Il ne fait plus de doute que, après plus d’une décennie d’accalmie, un vent de changement souffle maintenant sur les lois en matière de concurrence au Canada. L’étendue des réformes et la rapidité avec laquelle elles seront mises en œuvre demeurent les principaux points d’interrogation. Il faudra équilibrer, d’une part, le désir brûlant des parties intéressées (le Bureau notamment) de rendre l’application plus facile et d’augmenter l’avantage du Bureau dans le cadre de discussions de règlement et, d’autre part, le besoin d’éviter les mesures d’application excessives et le manque de prévisibilité pour les entreprises.

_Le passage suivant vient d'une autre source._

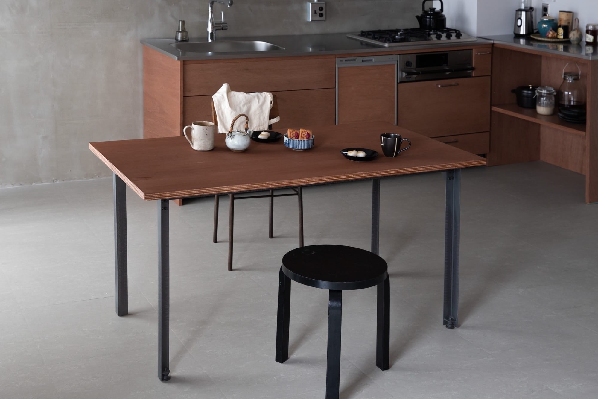 黒皮鉄の素材感と空間に馴染む佇まいを両立させたテーブル脚は、天板と自由に組み合わせることで、空間に合わせて“仕立てる”ようなテーブルづくりを可能にします。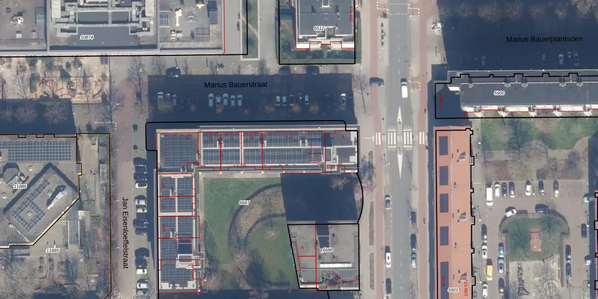Het perceel waarop Marius Bauerstraat 35 staat heeft een oppervlakte van 3615 m². Dit is een zeer groot perceel. De perceeloppervlakte wordt geregistreerd door het Kadaster. Gedetailleerde informatie over de maten van dit perceel kunt u vinden in het rapport Kadastrale kaart met maatvoering van Marius Bauerstraat 35.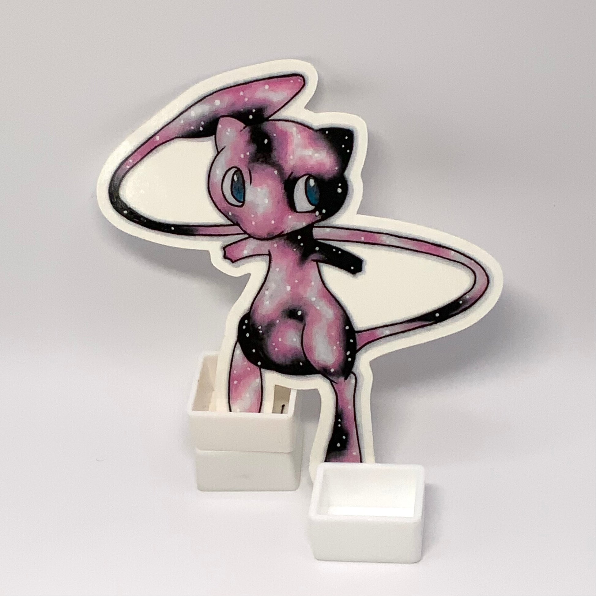 Glossy transparent waterproof sticker of original colored pencil drawing of Mew from Pokémon. The edges and negative space of this sticker are transparent.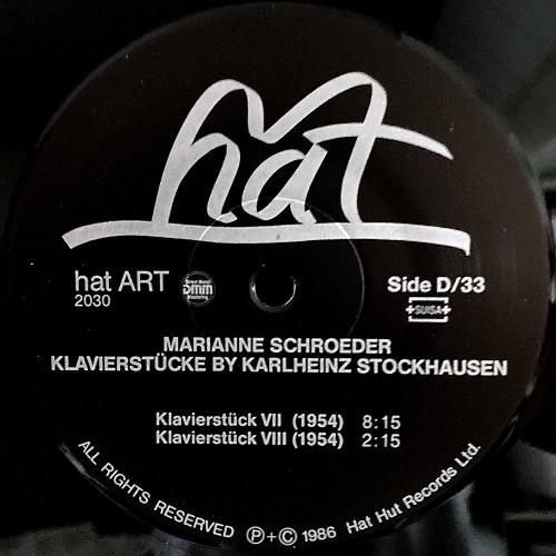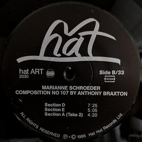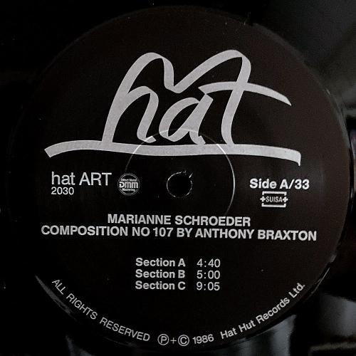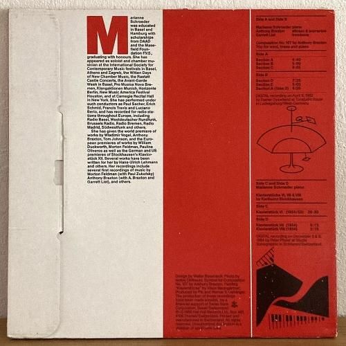 John Cage、Dieter Schnebel、Pauline Oliveros、Giacinto Scelsi など並いる現代音楽家とも共演、今現在大学などでも教鞭を振るスイス人ピアニスト/コンポーザー Marianne Schroeder の84年作。Anthony Braxton の「Composition No. 107」と Karlheinz Stockhausen の「 Klavierstücke」を演奏。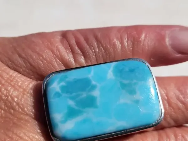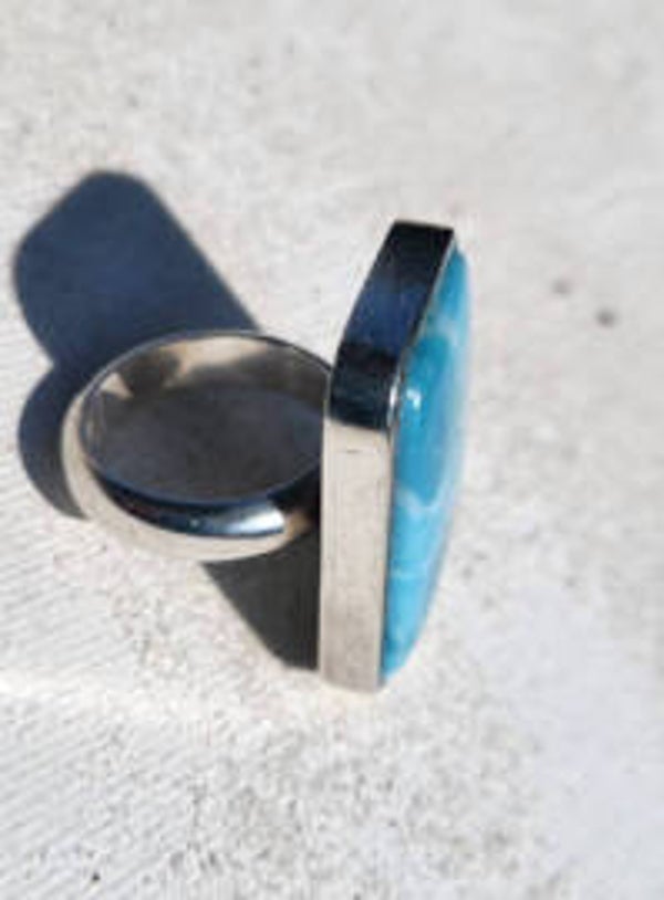 Grote 925 zilveren ring Larimar. Deze ring in handgemaakt. Maat 18.75.. bij juwelier kan evt kleine of ietsje groterr laten maken, mocht de maat niet goed zijn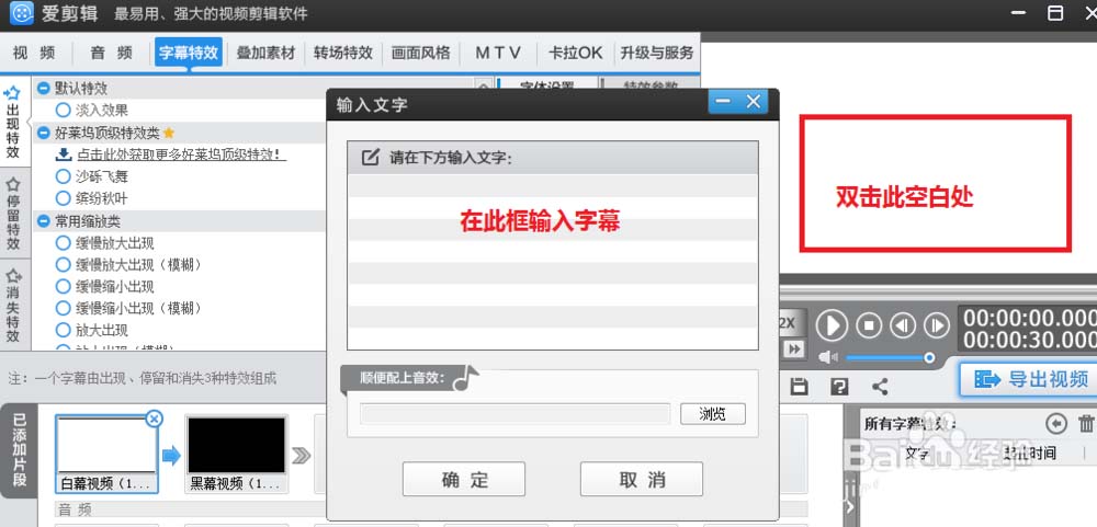 2、双击右上区域,弹出文字框,输入字幕。如图:

De plus, il semble y avoir une forte volonté de s’inspirer des changements apportés ailleurs sans vouloir nécessairement en mesurer toutes les conséquences.  

Les changements éventuels envisagés par le gouvernement comprennent des propositions qui réduiraient le fardeau de la preuve et établiraient des présomptions de préjudice que les entreprises devront réfuter, sans trop se soucier de l’importance d’éviter les mesures d’application excessives. Bien que la volonté de réviser la Loi et le cadre d’application du droit canadien de la concurrence soit louable, il importe que le gouvernement s’appuie sur des faits et de solides objectifs stratégiques plutôt que de vouloir changer à tout prix.   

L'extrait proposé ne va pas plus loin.